Big rise in workers facing daily commutes of two hours or more
More people have a long journey to work, with an estimated 3.7 million now commuting for over two hours a day, a study shows.
The number of employees with daily commutes to and from work of two hours or more has jumped by almost a third over the past five years, said the TUC.
Research by the union organisation found that the proportion of workers travelling two hours or more to and from work every day has risen from one in nine to one in seven.
More women have long journeys to get to work, especially in sectors such as education, health and social care, said the report.
Workers in Northern Ireland have experienced the biggest rise in commuting times, followed by those in the South East and East of England, said the TUC.
Commuting times for workers using buses or London Underground have fallen by up to five minutes a day, while increasing for other forms of transport such as rail or car, the study revealed.
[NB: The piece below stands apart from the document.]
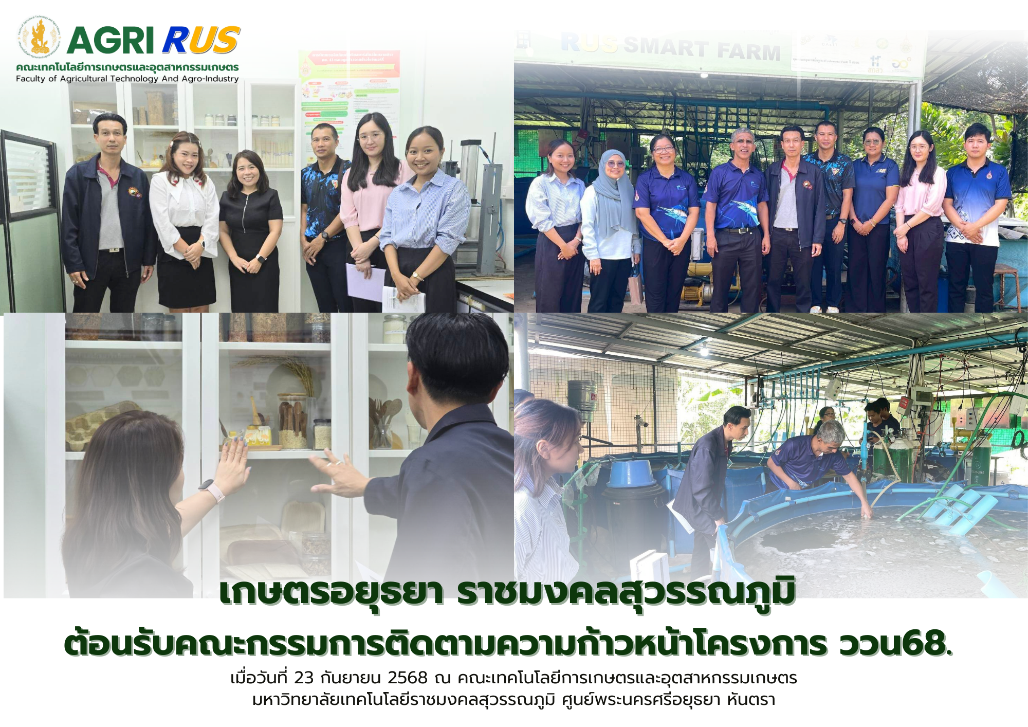 เมื่อวันที่ 23 กันยายน 2568 คณะเทคโนโลยีการเกษตรและอุตสาหกรรมเกษตร มหาวิทยาลัยเทคโนโลยีราชมงคลสุวรรณภูมิ นำโดย รองศาสตราจารย์ ดร.เจษฏา อิสเหาะ อาจารย์สาขาวิชาวิทยาศาสตร์การประมง และ ผู้ช่วยศาสตราจารย์ ดร.ฌนกร หยกสหชาติ อาจารย์สาขาวิชาวิทยาศาสตร์และเทคโนโลยีการอาหาร นักวิจัยของคณะฯ ซึ่งได้รับจัดสรรทุนวิจัยจากสำนักงานคณะกรรมการส่งเสริมวิทยาศาสตร์ วิจัยและนวัตกรรม (สกสว.) ประจำปีงบประมาณ พ.ศ. 2568 ได้ให้การต้อนรับคณะกรรมการจากสถาบันวิจัยและพัฒนา ในการลงติดตามความก้าวหน้าของโครงการวิจัย ที่ได้รับทุนสนับสนุนจาก สกสว. เพื่อให้คำแนะนำและประเมินผลการดำเนินงาน เพื่อให้มั่นใจว่าโครงการวิจัยจะสามารถดำเนินไปตามแผนงานที่กำหนดไว้และบรรลุผลลัพธ์ที่มีประสิทธิภาพ ซึ่งจะเป็นประโยชน์ในการพัฒนาองค์ความรู้และนวัตกรรมด้านการเกษตรของประเทศ ณ คณะเทคโนโลยีการเกษตรและอุตสาหกรรมเกษตร มหาวิทยาลัยเทคโนโลยีราชมงคลสุวรรณภูมิ ศูนย์พระนครศรีอยุธยา หันตรา

TUC general secretary Frances O'Grady said: "None of us like spending ages getting to and from work. Long commutes eat into our family time and can be bad for our working lives too.
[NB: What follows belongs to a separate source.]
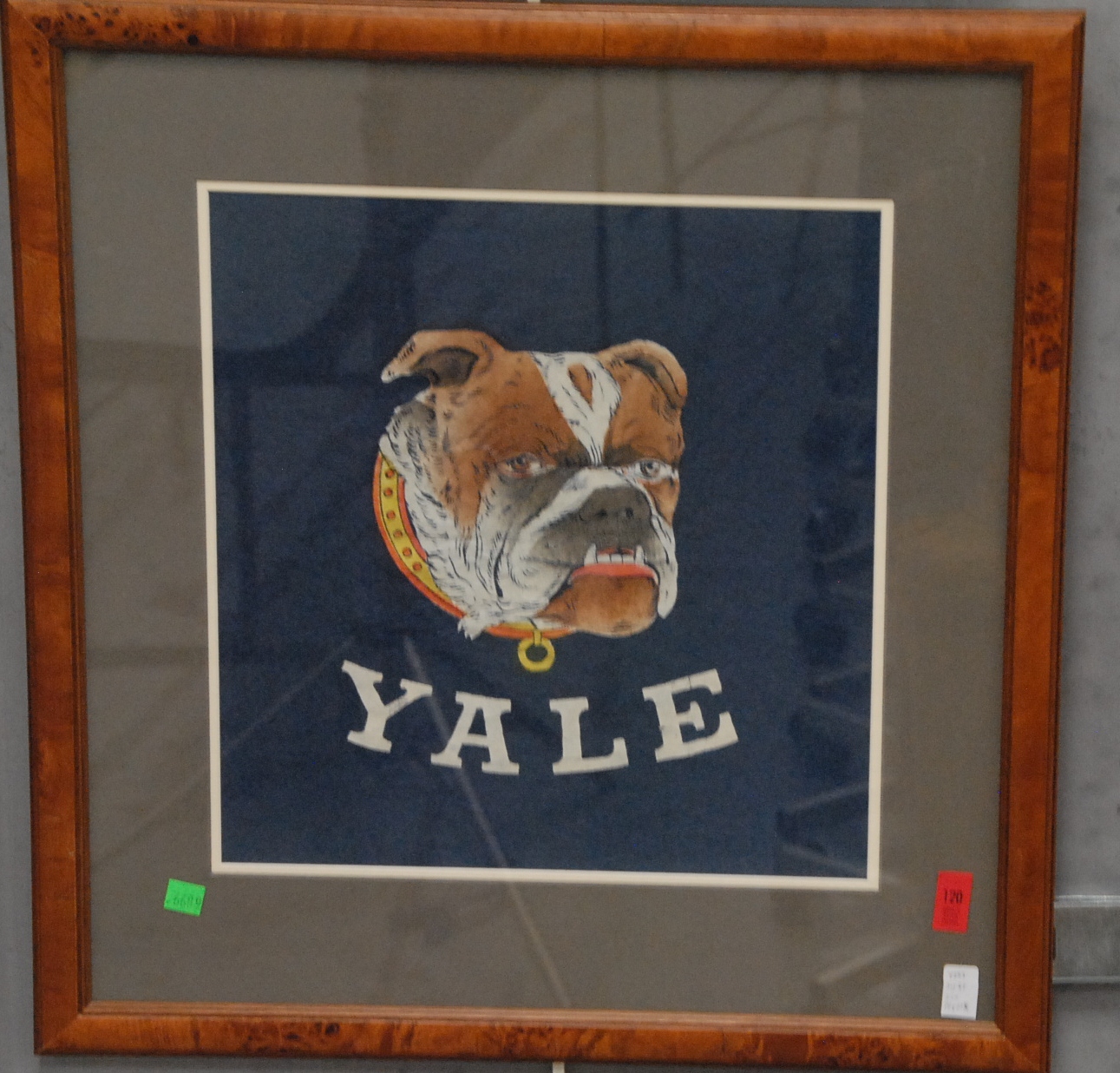 Two piece lot Yale English Bulldog colored lithograph pencil signed Falla Stock Doolittle circa 1980-1990 and Yale felt with three color bulldog circa 1930’s, 14 x 13 3/4 and 9 1/4 x 12 1/2 sight size.

"Employers cannot turn a blind eye to this problem. More home and flexible-working would allow people to cut their commutes and save money.
"But if we are to reduce the pain of traffic jams and train delays, ministers need to invest more in public transport and our roads. Next week's Autumn Statement is the perfect opportunity to do this."
Phil Flaton, of campaign group Work Wise, said: "Long commutes have become a part of the UK's working culture. The excessive time spent commuting is one of the main factors contributing to work-life balance problems.
"Not only is the amount of time commuting an issue, the 9 to 5 culture with its peak travel times generates congestion on railways, underground and road networks and as a consequence, increases stress for commuters.
"Clearly the Government, public transport providers and employers must do more in order to address the major negative impact on the UK's economy and lost productivity."